Prompt: Everything below from the line with "Huawei Technologies a" through the line with "EASY ACCESS: our" should be copied exactly, and nothing else; leave out the pictures.

Listed records:
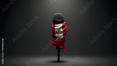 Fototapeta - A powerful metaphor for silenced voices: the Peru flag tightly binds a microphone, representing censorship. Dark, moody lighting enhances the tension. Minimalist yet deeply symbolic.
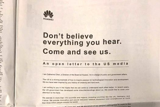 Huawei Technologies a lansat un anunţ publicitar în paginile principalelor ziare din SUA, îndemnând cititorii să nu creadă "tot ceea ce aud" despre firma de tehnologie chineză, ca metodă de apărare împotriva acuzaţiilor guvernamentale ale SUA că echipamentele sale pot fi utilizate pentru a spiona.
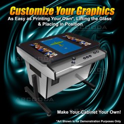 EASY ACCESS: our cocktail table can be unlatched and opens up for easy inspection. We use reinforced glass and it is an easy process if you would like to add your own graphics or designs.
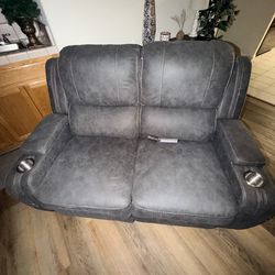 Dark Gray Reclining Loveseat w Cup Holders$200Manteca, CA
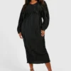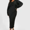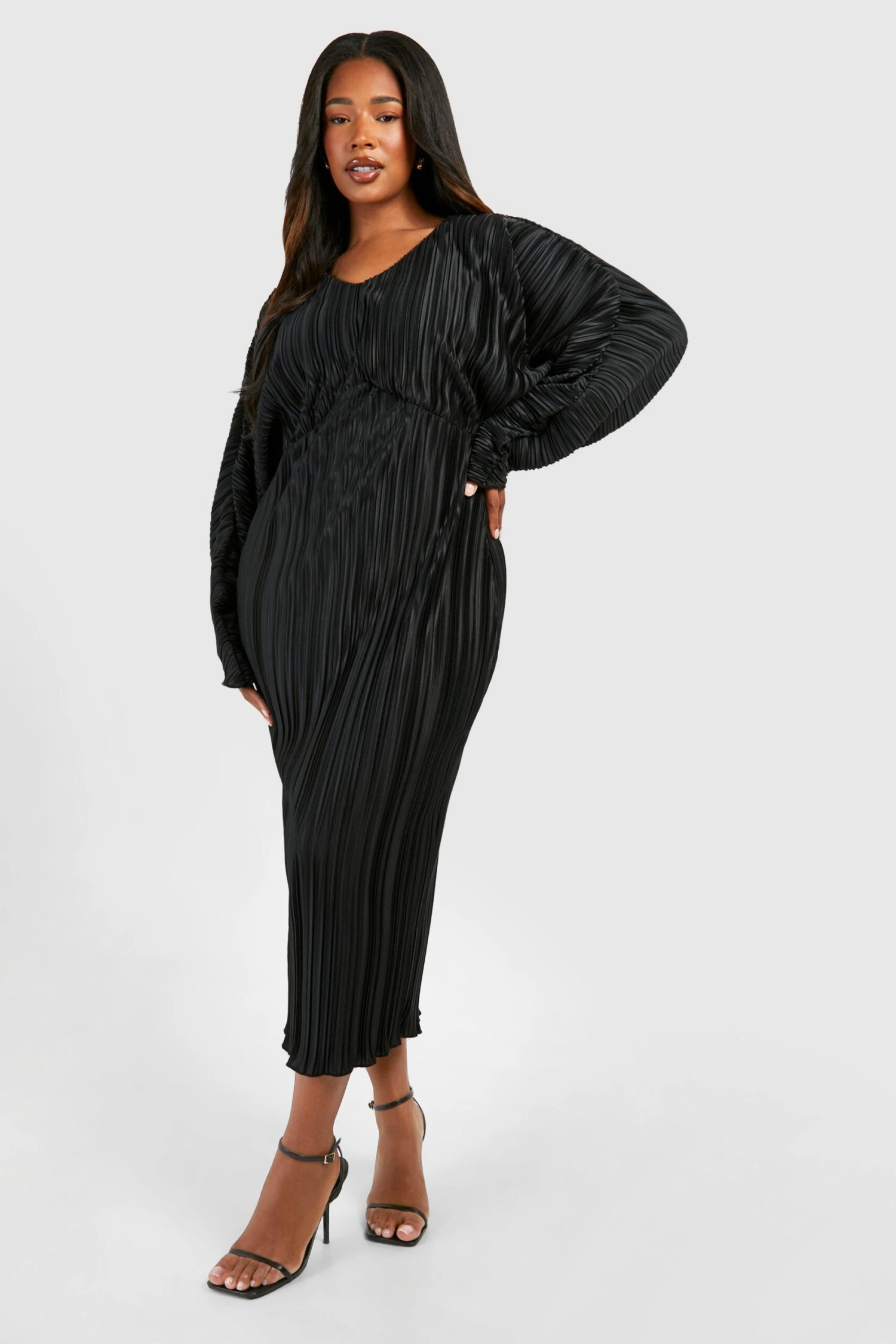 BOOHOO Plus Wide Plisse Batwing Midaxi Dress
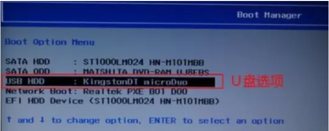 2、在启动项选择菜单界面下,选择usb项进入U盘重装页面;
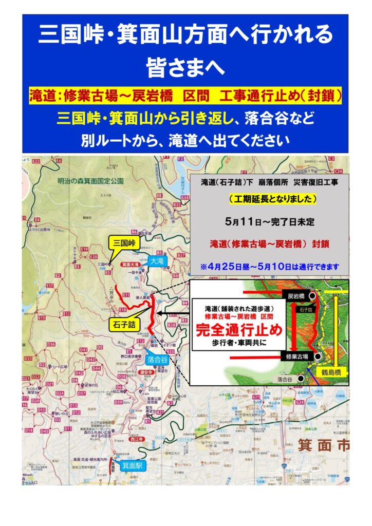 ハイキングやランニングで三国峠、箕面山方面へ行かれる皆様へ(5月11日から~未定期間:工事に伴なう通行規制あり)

Expected answer:
 Huawei Technologies a lansat un anunţ publicitar în paginile principalelor ziare din SUA, îndemnând cititorii să nu creadă "tot ceea ce aud" despre firma de tehnologie chineză, ca metodă de apărare împotriva acuzaţiilor guvernamentale ale SUA că echipamentele sale pot fi utilizate pentru a spiona.
 EASY ACCESS: our cocktail table can be unlatched and opens up for easy inspection. We use reinforced glass and it is an easy process if you would like to add your own graphics or designs.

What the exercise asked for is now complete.